= TASK ITEM =
Word for word, copy the listing below and leave out its images.

= STORED DATA =

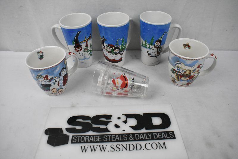 6 pc Holiday Kitchen: 5 mugs & 1 plastic Glass
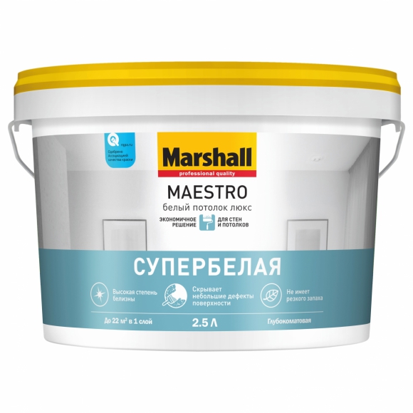 Краска водоэмульсионная Marshall MAESTRO Белый потолок ЛЮКС глубокоматовая белоснежная для стен и потолков 2.5л
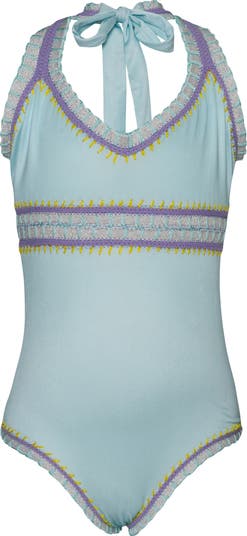 Vibrant trim and whipstitching lend kid-approved style to this one-piece swimsuit that's topped with a halter neck.

= YOUR SOLUTION =
 6 pc Holiday Kitchen: 5 mugs & 1 plastic Glass
 Краска водоэмульсионная Marshall MAESTRO Белый потолок ЛЮКС глубокоматовая белоснежная для стен и потолков 2.5л
 Vibrant trim and whipstitching lend kid-approved style to this one-piece swimsuit that's topped with a halter neck.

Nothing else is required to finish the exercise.